A new group, Flying Donkeys, hopes to raise the weight-carrying capabilities of Matternet’s small packages to 20 kilograms (44 pounds) and has established an “escalating series of sub-challenges” that will lead to a race around Mount Kenya in 24 hours or less by competing teams. Along the way, teams will pick up and deliver their payloads, recharge or refuel, and perform allowed maintenance services on the vehicles. Twelve mostly evenly-spaced “hubs” will provide services to the competitors.
The competition is sponsored by La Fondation Bundi, a non-profit initiative of the Afrotech project at the École Polytechnique Fédérale de Lausanne (EPFL) and the Swiss National Centre of Competence for Research in Robotics (NCCR). The Bundi fund will be held in the philanthropic arm of the Lombard-Odier bank in Geneva.
This coalition of non-governmental organizations (NGOs), academic and banking interests hope to “pioneer a new transportation system for the world by developing robots with rugged air frames capable of safe and cheap unmanned flight of heavy cargo over long distances – the “Flying Donkeys.”
They foresee commercial operations by 2020, with vehicles carrying 20 kilogram cargo loads over 50 kilometers (31 miles) “in less than an hour along an established network.”
Committed to “majority African designed and assembled flying donkeys, the Foundation’s expectation that “tens of thousands of them will be operating globally within a generation.”
Challenges will include technical, legal, logistics and architectural and design efforts, with “large awards” in cash to teams with the best solutions.
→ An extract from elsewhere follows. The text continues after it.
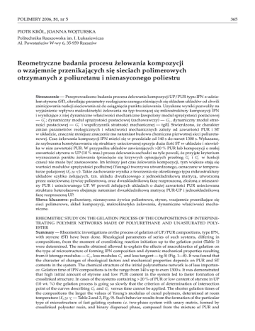 POLIMERY 2006, 51, nr 5 PIOTR KRÓL, JOANNA WOJTURSKA Politechnika Rzeszowska im. I. £ukasiewicza Al. Powstañców W-wy 6, 35-959 Rzeszów Reometryczne badania procesu ¿elowania kompozycji o wzajemnie przenikaj¹cych siê sieciach polimerowych otrzymanych z poliuretanu i nienasyconego poliestru Streszczenie — Przeprowadzono badania procesu ¿elowania kompozycji UP/PUR typu IPN z udzia³em styrenu (ST), okreœlaj¹c parametry reologiczne szeregu ró¿ni¹cych siê sk³adem uk³adów od chwili zainicjowania reakcji sieciowania a¿ do osi¹gniêcia punktu ¿elowania. Uzyskane wyniki pozwoli³y na wyjaœnienie wp³ywu makrokinetyki ¿elowania na typ tworz¹cej siê mikrostruktury kompozycji IPN i wynikaj¹ce z niej dynamiczne w³aœciwoœci mechaniczne [zespolony modu³ sprê¿ystoœci postaciowej — G*f ; dynamiczny modu³ sprê¿ystoœci postaciowej (zachowawczy) — G'f , dynamiczny modu³ stratnoœci postaciowej — G''f i wspó³czynnik stratnoœci mechanicznej — tgδ]. Stwierdzono, ¿e charakter zmian parametrów reologicznych i w³aœciwoœci mechanicznych zale¿y od zawartoœci PUR i ST w uk³adzie, znacznie mniejsze znaczenie ma natomiast budowa chemiczna pierwotnej sieci poliuretanowej. Czas ¿elowania kompozycji IPN mieœci siê w przedziale od 140 s do nawet 1300 s. Wykazano, ¿e szybszemu konstytuowaniu siê struktury usieciowanej sprzyja du¿a iloœæ ST w uk³adzie i niewielka w nim zawartoœæ PUR. W przypadku uk³adów zawieraj¹cych >20 % PUR lub kompozycji o ma³ej zawartoœci styrenu w UP (10 % mas.) proces ¿elowania zachodzi na tyle powoli, ¿e przyjête kryterium wyznaczania punktu ¿elowania (przeciêcie siê krzywych opisuj¹cych przebieg G'f i G''f w funkcji czasu) nie mo¿e byæ zastosowane. Im krótszy jest czas ¿elowania kompozycji, tym wiêksze staj¹ siê wartoœci modu³ów sprê¿ystoœci pod³u¿nej (Younga) tworzywa utwardzonego, oznaczane w temperaturze pokojowej ( E'f 20 °C). Takie zachowanie wynika z tworzenia siê okreœlonego typu mikrostruktury uk³adów szybko ¿eluj¹cych, tzn. uk³adu dwufazowego z jednosk³adnikow¹ matryc¹, utworzon¹ przez usieciowan¹ ¿ywicê poliestrow¹, oraz dwusk³adnikow¹ fazê rozproszon¹, z³o¿on¹ z mieszaniny PUR i usieciowanego UP. W powoli ¿eluj¹cych uk³adach o du¿ej zawartoœci PUR usieciowana struktura heterofazowa obejmuje natomiast dwusk³adnikow¹ matrycê PUR-UP i jednosk³adnikow¹ fazê rozproszon¹ UP. S³owa kluczowe: poliuretany, nienasycona ¿ywica poliestrowa, styren, wzajemnie przenikaj¹ce siê sieci polimerowe, sk³ad kompozycji, makrokinetyka ¿elowania, dynamiczne w³aœciwoœci mechaniczne. RHEOMETRIC STUDY ON THE GELATION PROCESS OF THE COMPOSITIONS OF INTERPENETRATING POLYMER NETWORKS MADE OF POLYURETHANE AND UNASTURATED POLYESTER Summary — Rheometric investigations on the process of gelation of UP/PUR compositions, type IPN, with styrene (ST) have been done. Rheological parameters of series of such systems, differing in compositions, from the moment of crosslinking reaction initiation up to the gelation point (Table 1) were determined. The results obtained allowed to explain the effects of macrokinetics of gelation on the type of microstructure of forming IPN composition and dynamic mechanical properties resulting from it (storage modulus — G'f , loss modulus G''f and loss tangent — tg δ) (Fig. 1—8). It was found that the character of changes of rheological factors and mechanical properties depends on PUR and ST contents in the system. The chemical structure of the initial polyurethane network is of less importance. Gelation time of IPN compositions is in the range from 140 s up to even 1300 s. It was demonstrated that high initial amount of styrene and low PUR content in the system led to faster formation of crosslinked structure. In cases of the systems containing > 20 % of PUR or low content of styrene in UP (10 wt. %) the gelation process is going so slowly that the criterion of determination of intersection point of the curves describing G'f and G''f versus time cannot be applied. The shorter gelation times of the compositions the larger the values of Young‘s modulus of cured polymers, determined at room temperature ( E'f 20 °C — Table 2 and 3, Fig. 9). Such behavior results from the formation of the particular type of microstructure of fast gelating systems i.e. two-phase system with unary matrix, formed by crosslinked polyester resin, and binary dispersed phase, composed from the mixture of PUR and 365 POLIMERY 2006, 51, nr 5 366 crosslinked UP. In slowly gelating systems with high PUR content the two-phase cured structure consists of binary PUR — UP matrix and unary UP dispersed phase. Key words: polyurethanes, unsaturated polyester resin, styrene, interpenetrating polymer networks, composition, macrokinetics of gelation, dynamic mechanical properties. Wzajemnie przenikaj¹ce siê sieci polimerowe (IPN) — to unikatowe i zarazem skomplikowane uk³ady, stanowi¹ce kompozycje z³o¿one z dwu lub wiêkszej liczby polimerów, z których przynajmniej jeden wystêpuje w postaci przestrzennie usieciowanej. System taki tworzy siê w wyniku zachodz¹cych niemal równoczeœnie reakcji polimeryzacji ró¿nych monomerów, przebiegaj¹cych najczêœciej wg odmiennych mechanizmów — np. polimeryzacji lub sieciowania rodnikowego jednego sk³adnika sieci w obecnoœci drugiego, utworzonego np. w procesie polimeryzacji kondensacyjnej lub addycyjnej. Z powodu odmiennych w³aœciwoœci fizykochemicznych elementów strukturalnych tworz¹cych kompozycje IPN, s¹ one na ogó³ uk³adami heterogenicznymi o z³o¿onej budowie nadcz¹steczkowej. Morfologia takich uk³adów zale¿y od dwóch czynników: wyjœciowej mieszalnoœci sk³adników a tak¿e od szybkoœci konkuruj¹cych ze sob¹ procesów ¿elowania (sieciowania) oraz separacji fazowej, zachodz¹cych w temperaturze przetwarzania i ostatecznego formowania wyrobu [1]. Szybkoœæ procesu separacji fazowej jest zwykle zdec

The foundation “will work to ensure flying donkeys are a friendly service, dependably exploiting the space above our heads to create jobs and enable e-commerce.”
The group defines a Flying Donkey as, “An authorized Unmanned Aerial Vehicle (UAV) that can carry Cargo, with a maximum takeoff weight of 60 kilos. Donkeys can be fixed or rotary wing, or even lighter than air, with combustion or electric power plants. (Since organizers don’t specify internal combustion engines, it would seem steam or Stirling engines are an option.)
Bargain hunters and scroungers might have an advantage, since rules state, “The total Bill of Materials (BOM) and energy consumption must be readily available and low-cost.”
First of the several challenges will take place in November 2014, but entrants must have already registered in October and submit their written application by December 2013. Teams will submit technical reports and videos in January 2014, face an interview in March and will receive their confirmation and grants in April. They must have their flight vehicle in Kenya in November 2014 for pre-flight inspections and mission assignments.
Since those initial missions are yet loosely defined, competitors may be hard pressed to optimize their entries for the contests. It should be extremely exciting to see how the various teams (up to 15) manage the challenges, whether this can lead to fulfilling the ambitions of the organizers.